Many of the examples we have presented highlight the typical situation. The number of events and magnitude of effect are typically greater (and often considerably greater) for the less important end points than for the more important. We have found that this is the case in randomized trials in cardiovascular interventions, in which components of greater importance to patients were associated with smaller treatment effects than less important ones (RRR of 8% for death and 33% for components of minor importance to patients).5 In individual trials, wide CIs may leave us uncertain of the relative effect of the intervention on more and less important end points. Sometimes, however, when data accumulate from many trials, it becomes clear that skepticism about treatment effect on the most important outcomes, even in the presence of convincing evidence of impact on outcomes of lesser seriousness, was well warranted.

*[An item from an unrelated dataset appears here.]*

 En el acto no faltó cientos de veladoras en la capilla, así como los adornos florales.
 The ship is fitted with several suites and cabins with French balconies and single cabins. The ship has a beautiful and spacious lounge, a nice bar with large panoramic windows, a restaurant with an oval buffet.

For example, consider that trials that compare drug-eluting stents with bare-metal stents indicate conclusively that the drug-eluting stent reduces the composite end point MACE (major adverse cardiac events—a composite of death, MI, and target lesion revascularization) compared with the bare-metal stent. The first RCT of drug-eluting stents found a nonconclusive effect at 1 year on the most important end points of death (RRR, 2%; 95% CI, –680% to 76%) and MI (RRR, 51%; 95% CI, –530% to 96%), whereas the drug-eluting stent had a large effect on reducing revascularization (RRR, 97%; 95% CI, 75%-99%).19 These early results suggest a substantial difference in effects on the more important and less important end points, but the wide CIs around the former leave the issue in doubt. Subsequent systematic reviews have found that drug-eluting stents have no benefit in survival or Q-wave MI (in fact, there is an unfavorable trend for Q-wave MI), whereas there is a large benefit in reducing the need for revascularization.20
CLINICAL SCENARIO RESOLUTION
Let us return to the scenario with which our discussion began, that of the patient reluctant to undergo cardiac surgery to improve his prognosis and to control his angina. Is it reasonable to use the composite end point from the SYNTAX trial1—death, MI, stroke, and subsequent revascularization—to guide the decision, or should we focus on individual results of the 3 components?

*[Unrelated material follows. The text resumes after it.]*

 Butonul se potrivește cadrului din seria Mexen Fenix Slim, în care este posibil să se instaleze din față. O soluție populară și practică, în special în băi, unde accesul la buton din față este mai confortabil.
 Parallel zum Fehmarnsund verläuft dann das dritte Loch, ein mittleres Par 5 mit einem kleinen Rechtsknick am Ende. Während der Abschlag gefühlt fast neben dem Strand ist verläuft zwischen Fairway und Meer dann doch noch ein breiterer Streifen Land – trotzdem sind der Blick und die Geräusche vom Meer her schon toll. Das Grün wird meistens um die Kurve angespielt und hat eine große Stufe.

To address this issue, we can ask the 3 questions in our Users' Guides (Box 12.4-1). Most patients will find death, stroke, and large MI with subsequent disability far more important than the need of a new revascularization. Subsequent revascularization occurred far more frequently than the 3 more important events (Table 12.4-1). Biologic rationale may support a presumption that the surgery strategy will have similar effects on cardiac end points; however, one could also argue the opposite and make the case for a positive effect on MI and the need for new coronary revascularization but not on stroke. The relative effects on the 3 outcomes proved very different (Table 12.4-1). In the SYNTAX trial, the composite end point fails all 3 criteria, and the trial therefore requires focus on the component end points. In this case, the patient proved extremely stroke averse. “Doctor,” he says, “that PCI is pretty simple, so the possibility that I might need a repeat is not a big deal to me. You tell me that although the CABG might reduce my risk of dying or having an MI, you are not sure. But it is very likely the CABG will increase my risk of stroke. To me, a stroke would be awful. I'll go with the PCI.”